LMK04828: schematics review

Derek 

Thankyou for schematics review of LMK04828 clock. We will continue with the current design and release 

Regards,
Kaushal

Hi, 

Also there are multiple ferrite recommended in datasheet for LMK power input as shown in picture below

Are these really required as we have not added in our circuit attached previously, which was said to have no issues. Can you please confirm the same?

Regards,
Kaushal

Strictly speaking, they are not required to get functional output clocks. They may be required to get high-performance, low-noise output clocks.

The LMK0482x has many internal LDOs to filter spurious influences in the <20MHz range, and on-chip bypass capacitance and bondwire inductance that forms low-pass filters cutting off spurious noise in the >200MHz range. Broadly speaking, these numbers can vary a bit, but the key takeaway is that there is an interval of about a decade from low 10s of MHz to low 100s of MHz where there are no mechanisms on-chip to filter out spurious influence.

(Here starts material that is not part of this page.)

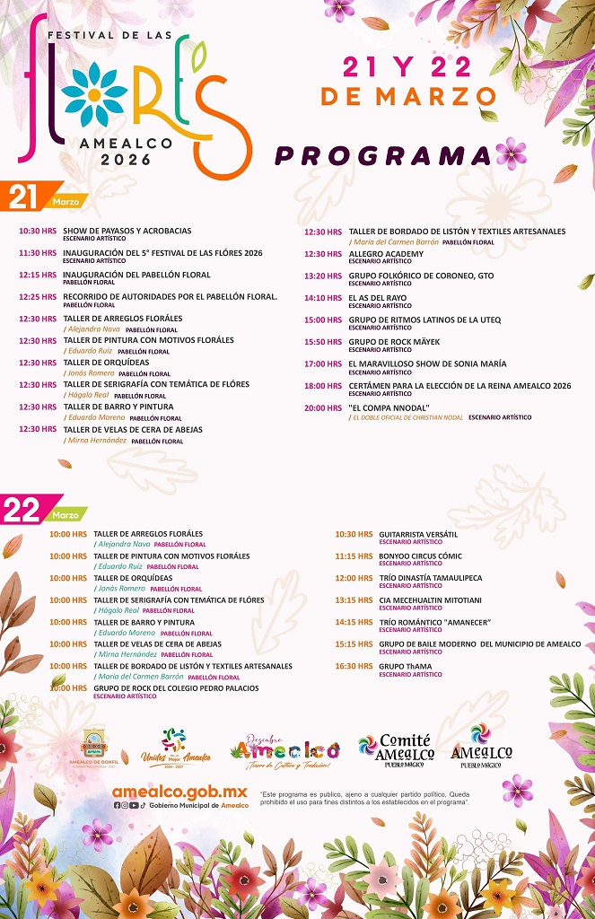 Durante estos dos días habrá talleres florales, exposiciones artesanales, música, danza, espectáculos artísticos y el certamen para la elección de la Reina Amealco 2026, en un ambiente lleno de cultura y tradición que celebra la belleza de nuestras flores y el talento de nuestra gente.
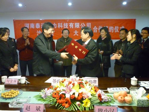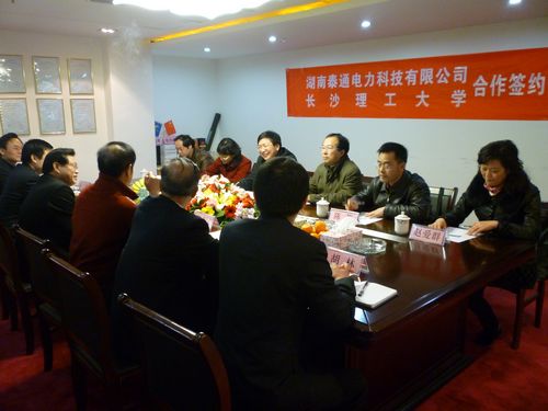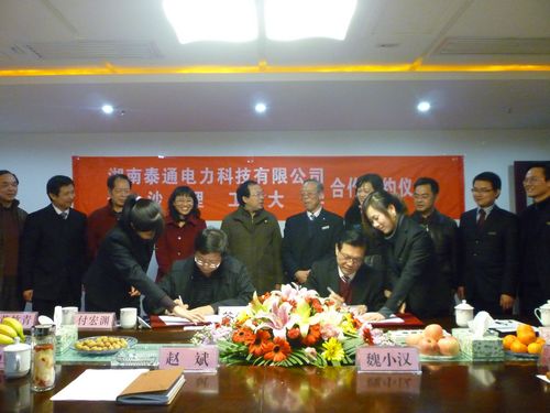 副校长付宏渊、科技处副处长刘永乐、陈荐、能动学院院长黄竹青、师资处副处长赵爱群、湖南泰通电力科技有限公司董事长赵斌、顾问魏小汉、行政副总赵捷等出席签字仪式。仪式由湖南泰通电力科技有限公司行政副总赵捷主持。

• At a minimum, we recommend placing ferrite beads between clock output power supplies that have different operating frequencies, since clock frequencies are commonly in the unfiltered range or have harmonics in that range. A second ferrite on top of all the clock supplies is generally not needed.
• If OSCin and OSCout are the same frequency, or if OSCout is unused, those supplies can share a ferrite bead. If OSCin is the same frequency as one of the clock output groups, this also allows OSCin (and possibly OSCout) to share a ferrite bead with one or more of the CLKout supplies. The one case where this isn't recommended is for extremely tight (<1ps) POR-to-POR variation in OSCin to CLKout phase skew, and even this can be mitigated with ZDM and careful SYNC setup.
• The N-divider supply doesn't usually need a ferrite bead since the noise is high frequency and is all contained on-chip.
• We strongly recommend a ferrite on PLL2 charge pump (CP) supply. There's no LDO on this supply, and it can inject spurs directly onto the control voltage of the VCO, which will show up on all outputs. The PLL loop bandwidth helps to reject some of these spurs at higher frequencies, but for sub-100MHz spurs a ferrite bead can help a lot.
• Again, a separate secondary ferrite bead for the PLL2 supplies is probably unnecessary.
• The other supplies are combined for several reasons:
  • The LDO on the VCO is designed for large PSRR in-band.
  • We know the noise profile of the digital supply, and it's either rejected by the LDO or contained on-chip.
  • PLL1 supplies operate on a PLL with such low loop bandwidth that any noise from the digital supplies will not impact the overall phase noise performance. The VCO supply does not really emit noise - the primary spur is in the GHz range, and this is contained on-chip.
  • The only possible noise contamination is from CLKinX to VCO, if one is not a strict multiple of the other. It may be worthwhile to separate the PLL1 supply from the other two with a ferrite bead, if the input frequency is in the 10-100MHz range.

In the end, the decision of how many ferrite beads to use comes down to your application's tolerance for spurious noise. If you need the best performance you can get, place the ferrites to isolate dissimilar 10-200MHz signals from each other. You can relax the ferrite requirements if your application is tolerant to spurs, or has lax jitter requirements (e.g. digital clocks that just need distinct monotonic signals). I generally advise people to at least place some footprints for ferrite beads, and if you don't need them you can put 0Ω resistors in instead - the overall cost difference is pretty negligible if it turns out you don't need these components, and is much cheaper than a re-spin of the PCB if it turns out you do need them.